8) "Et Yememiz Kültürel Evrimin Ürünüdür, Biyolojik Evrimin Değil" Argümanı: Videoda da görüldüğü gibi, et yeme evriminden çok kısa bahsedilmiş, uzak durulmuştur. Çünkü bu, Evrimsel Biyoloji'nin güçlenmesinden beridir var olan veganlar için ağır bir darbedir. Ancak itirazlarının aksine, kültürümüzden önce biyolojimiz et yiyecek şekilde evrimleşmiştir; daha doğrusu et yememiz evrimimize şekil vermiştir. Sonrasında ise kültürel evrimimiz et tüketimimizi arttırmış olabilir, bu doğrudur (ve apayrı bir tartışma konusudur). Ne var ki bunun temelinde biyolojik bir evrim olmadığı iddia edilemez.
9) "Hiç Et Yememeliyiz, Et Yemek Çok Zararlıdır" Argümanı: Emin olun hiç ot yemeden et yemek veya hiç et yemeden ot yemek; et ile otu bir arada yemekten daha ölümcüldür. Boş bir argüman daha...

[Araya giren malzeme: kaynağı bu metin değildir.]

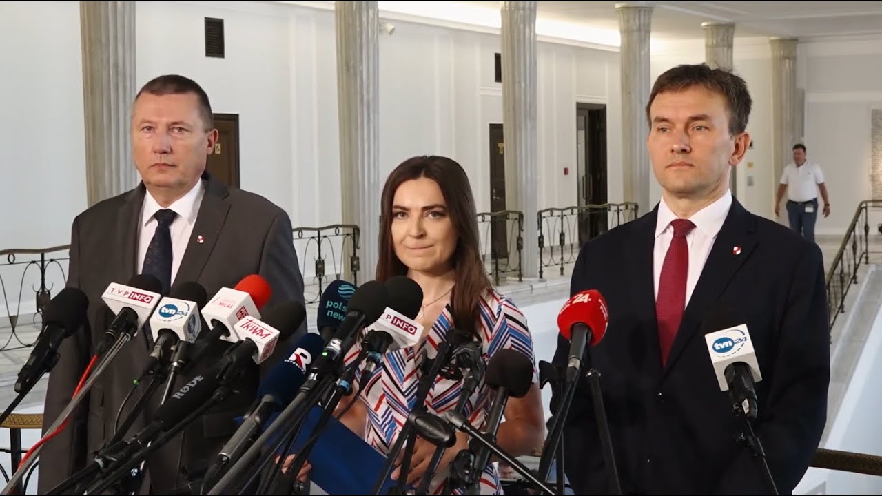 Konferencja prasowa z udziałem: Marty Czech, Jana Krysiaka i Piotra Heszena....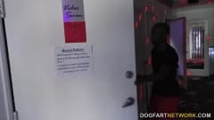 A morena com seios enormes Jasmine Jae vai a um sexshop. Ela visita a sala de vídeos e encontra glory holes de onde vão sair dois caralhos pretos gigantes!

10) "İnsan Yavruları Bir Tavşanı Avlamadığına Göre Etçil Olamayız" Argümanı: Son test ise muazzam bir bilgisizlik örneğidir ve yine, insan zekasına, insan onuruna, insan düşünme yetilerine ve milyonlarca yıllık insan evrimine hakarettir. Böyle bir test ancak modern dünyadan izole olmuş bir şahıs tarafından ileri sürülebilir. İnsan bebekleri asla avlanacak şekilde evrimleşmemişlerdir; her zaman anneleri tarafından beslenmişlerdir. Bu sebeple bir bebeğin tavşanı yememesi kadar doğal bir şey olamaz. Etçil olduğu tartışmasız olan bir kaplan yavrusu dahi, bir tavşan önüne konulduğunda onunla yemeden oynayabilir. Üstelik bebeklerin eğilimlerinin, insanın doğasını anlamak için yeterli olduğunu sanmak başlı başına bir hatadır. Bu şekilde bir argüman üretmek, bebeklerin bir kendilerini öldürecek kadar sıcak olan sobalara dokunabiliyor veya sarılabiliyor olması, insan türünün hayatta kalmak için evrimleşmemiş bir tür olduğunu iddia etmeye benzer. Halbuki alakası bile yoktur. Bu test, saçmalığın daniskasıdır.
Görüldüğü gibi bilime karşı tehdidin nereden geleceğini öngörmenin bir yolu yok. Çok basit bir konuda bile cehalet, bilim düşmanlığını doğurabilmektedir."